Thank you for submitting your manuscript entitled "Risk score for predicting HIV-associated tuberculosis to support case finding and preventive therapy scale-up: A derivation and external validation cohort study using regression and machine learning approaches" for consideration by PLOS Medicine.

Your manuscript has now been evaluated by the PLOS Medicine editorial staff as well as by an academic editor with relevant expertise and I am writing to let you know that we would like to send your submission out for external peer review.

However, before we can send your manuscript to reviewers, we need you to complete your submission by providing the metadata that is required for full assessment. To this end, please login to Editorial Manager where you will find the paper in the 'Submissions Needing Revisions' folder on your homepage.
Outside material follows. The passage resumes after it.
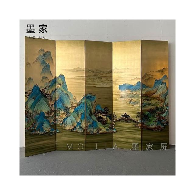 手繪金箔屏風宋代千裏江山圖新中式山水畫客廳隔斷辦公室茶室定制

Please click 'Revise Submission' from the Action Links and complete all additional questions in the submission questionnaire.

Please re-submit your manuscript within two working days, i.e. by .

Login to Editorial Manager here: https://www.editorialmanager.com/pmedicine

Once your full submission is complete, your paper will undergo a series of checks in preparation for peer review. Once your manuscript has passed all checks it will be sent out for review.

Feel free to email us at plosmedicine@plos.org if you have any queries relating to your submission.

Kind regards,

Thomas J McBride, PhD

Senior Editor

PLOS Medicine

Decision Letter 1

Richard Turner

17 Feb 2021

Dear Dr. Auld,

Thank you very much for submitting your manuscript "Risk score for predicting HIV-associated tuberculosis to support case finding and preventive therapy scale-up: A derivation and external validation cohort study using regression and machine learning approaches" (PMEDICINE-D-20-05706R1) for consideration at PLOS Medicine.

Your paper was evaluated by an academic editor with relevant expertise and sent to independent reviewers, including a statistical reviewer. The reviews are appended at the bottom of this email and any accompanying reviewer attachments can be seen via the link below:

[LINK]

In light of these reviews, we will not be able to accept the manuscript for publication in the journal in its current form, but we would like to invite you to submit a revised version that addresses the reviewers' and editors' comments fully. You will appreciate that we cannot make a decision about publication until we have seen the revised manuscript and your response, and we expect to seek re-review by one or more of the reviewers.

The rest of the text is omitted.